The action of turning the hand crank would also cause all interlocked gears within the mechanism to rotate, resulting in the simultaneous calculation of the position of the Sun and Moon, the moon phase, eclipse, and calendar cycles, and perhaps the locations of planets.
What could the Antikythera Mechanism do?
- Predicted the hour, month, and day of an eclipse, accounting for leap years
- It predicted the positions of the Sun and moon against the Zodiak
- It had a black and white stone that displayed the moon phase on a certain date
- It showed the astronomical positions of Mercury, Venus, Mars Jupiter, and Saturn
- It told the Greeks exactly when to start the Olympiad games, a 4-year time span that began on the full moon closest to the summer solstice
- The Hellenistic period spans the period of Mediterranean history between the death of Alexander the Great in 323 BC and the emergence of the Roman Empire, as signified by the Battle of Actium in 31 BC and the conquest of Ptolemaic Egypt the following year.
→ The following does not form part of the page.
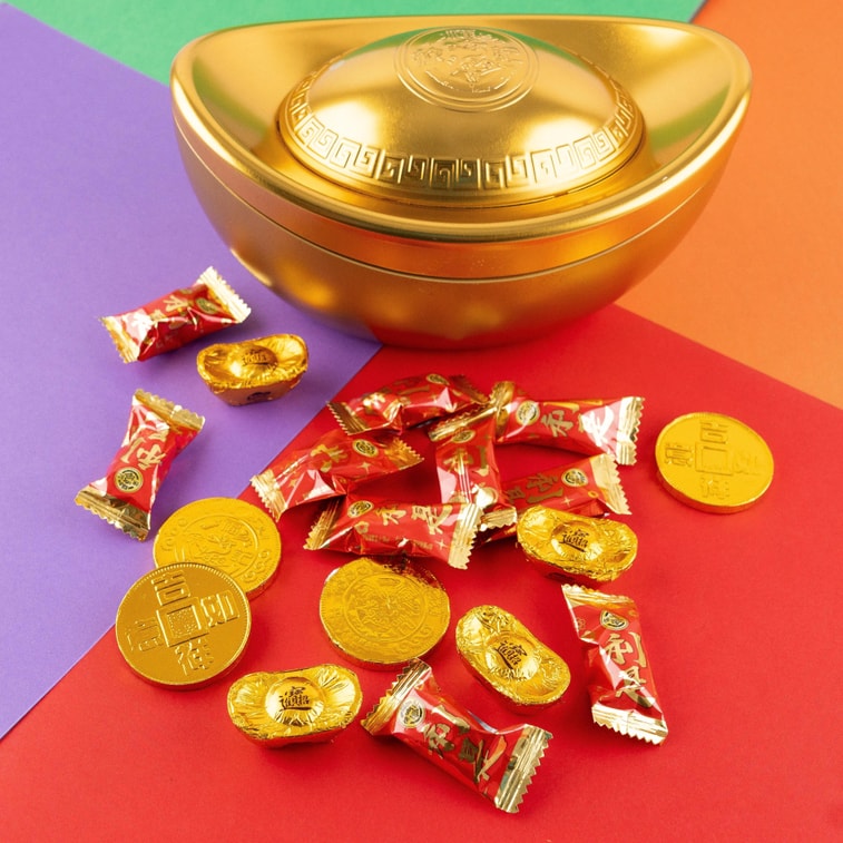 ゴールドインゴットキャンディギフトボックス、チョコレート+ライチ風味ラッキーキャンディ、7.05オンス

- Hipparchus of Rhodes was a Greek astronomer, geographer, and mathematician. He is considered the founder of trigonometry but is most famous for his incidental discovery of the precession of the equinoxes. He is known to have been a working astronomer between 162 and 127 BC. Hipparchus is considered the greatest ancient astronomical observer and, by some, the greatest overall astronomer of antiquity. He was the first whose quantitative and accurate models for the motion of the Sun and Moon survive.
- Babylonian ephemeris tables, in astronomy and celestial navigation, an ephemeris is a book with tables that gives the trajectory of naturally occurring astronomical objects as well as artificial satellites in the sky, i.e., the position (and possibly velocity) over time.